А масштаб производств был громаден — в одной Соли Камской работало одновременно 200 соляных варниц, добывавших до 7 миллионов пудов (более 110 тысяч тонн) соли в год. Из Астрахани каждый год вывозились до 300 тысяч пудов (4800 тонн) соленой рыбы и красной и черной икры.
Канатные дворы в Вологде и в Холмогорах возникли еще в XVI веке, и они быстро восстановились после разорения Смутного времени. Тогда же в Архангельске возник совершенно новый Канатный двор, которого там раньше не было. О масштабе этих предприятий говорит хотя бы число работающих на Вологодском канатном дворе — более 400 человек. А Холмогорский двор давал канаты для оснастки четвертой части кораблей английского флота — второго по размерам в мире (после голландского).
Это все — примеры производств, организованных совершенно по-«буржуазному».
Историки дружно отмечают для всего XVII века возрастание роли вольнонаемного труда на купеческих мануфактурах и на транспорте — на Волжском, Сухоно-Двинском водных путях. То есть отрыв производств от крестьянского отходничества, от мелкой крестьянской промышленности — то есть от положения чего-то второстепенного по сравнению с основным — земледелием. В XVII столетии вырастает класс людей, все слабее связанных с аграрным хозяйством, а следовательно — и с аграрным обществом, и с теми формами общественного сознания, которые порождены аграрным обществом.
Как оценить все эти явления? А очень просто: как развитие русского капитализма. Как развитие капитализма, протекающее совершенно автономно от европейского, и пока что не испытывающего даже отдаленного воздействия своего европейского собрата.
Расцвет культуры в Московии
Считается, что европеизацию России начал Петр I, который «Россию вздернул на дыбы». Но и в официальной переписке, и в частных письмах и записках людей XVII столетия, стоит зайти речь о европейских делах, тут же начинают мелькать «комиссариусы», «резиденты», «агенты», «фриштыки» и «плезиры».
Про «резидентов» и «агентов» идет речь в царской грамоте псковскому воеводе в 1642 году. Ордын-Нащокин даже в письме к Алексею Михайловичу в 1660 году упоминает «шведского резидента».
На протяжении всего столетия складывается тот забавный русско-немецко-французский салонный жаргон, который мы привыкли считать явлением, целиком присущим XVIII веку, и над которым привыкли смеяться. Только в XVII веке применение этого жаргона имеет свои пределы: он применяется, когда речь заходит об иностранных или международных делах, а при обсуждении всего русского совершенно не применяется.
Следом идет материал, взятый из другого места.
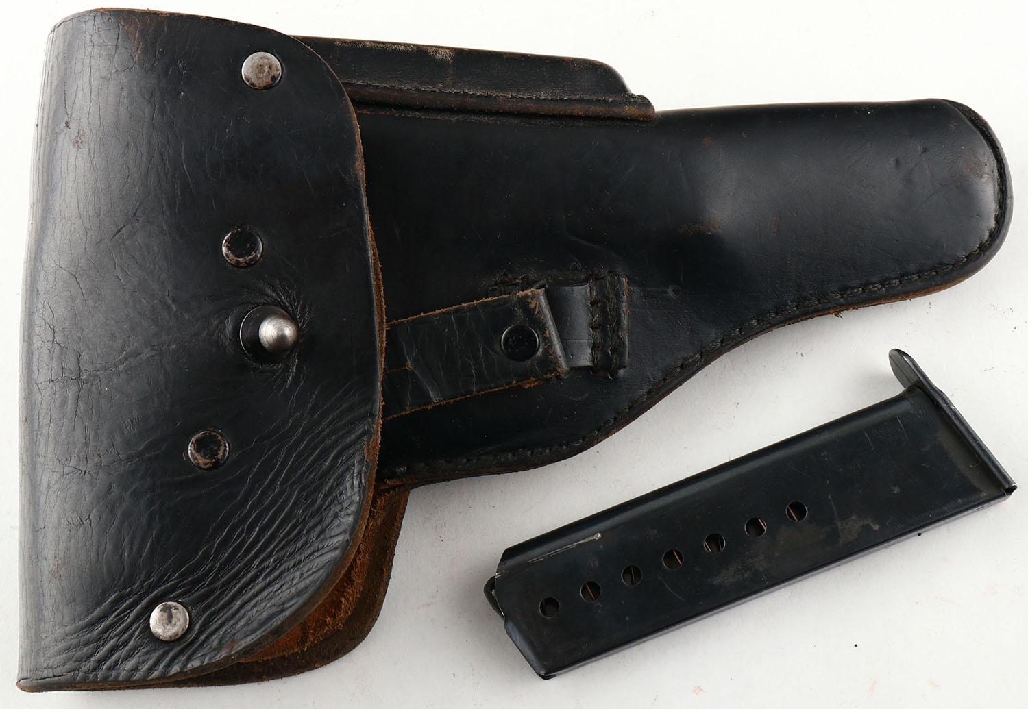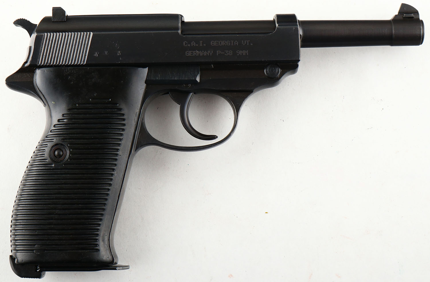 Spreewerk, P.38 Russian Capture, CAL: 9x19mm, MFG: Dec. 1943, SN: 3416K, Semi Auto Pistol, 5'' barrel. The left side of the slide is marked ''P.38'', ''cyq''. ''3416 K''. The left side of the frame is marked ''3416'', ''Waffenampt'', ''k''. The right side of the slide is marked with the import stamp & German proofs. The grooved plastic grips are excellent, with minor scrapes & dings. This example was a Russian capture & carries a Russian re-furbishment mark. The re-furb finish is excellent overall. Bore is good, bright, but with consistent roughness & intermittent pitting. Fixed U-Notch rear sight & blade front sight. Comes with German P.38 holster, carrying an extra mag. FFL or C&R Req - Value: 600 to 1200

Полки иноземного строя? Но и их создал вовсе не Петр.
При Алексее Михайловиче после 1659 года государевым указом велено было «в походах быть без мест». Что означало — законы местничества кончаются там, где начинается боевой поход.
А «полки иноземного строя» с генералами, «маеорами», поручиками и полковниками, со знаменем «русский триколор», железным строем и превосходной артиллерией, с драгунскими рейтарскими полками? Во время рейда первого русского генерала Волконского по Украине его рейтары лихо говорили между собой по-французски: офицеры в полках были французы, знание этого языка сделалось культурной нормой.
Тогда же, при Алексее Михайловиче, в садиках появляются подсолнухи как декоративные растения, и очень скоро щелканьем семечек оглашаются посады, а потом и деревни. Как огородное растение разводят и кукурузу. Полевой культурой она стала только в начале XIX столетия, но уже в середине XVII века никого не удивляют ребятишки, лихо грызущие початки кукурузы, — в том числе и в глухих деревнях, везде, где только позволяет климат.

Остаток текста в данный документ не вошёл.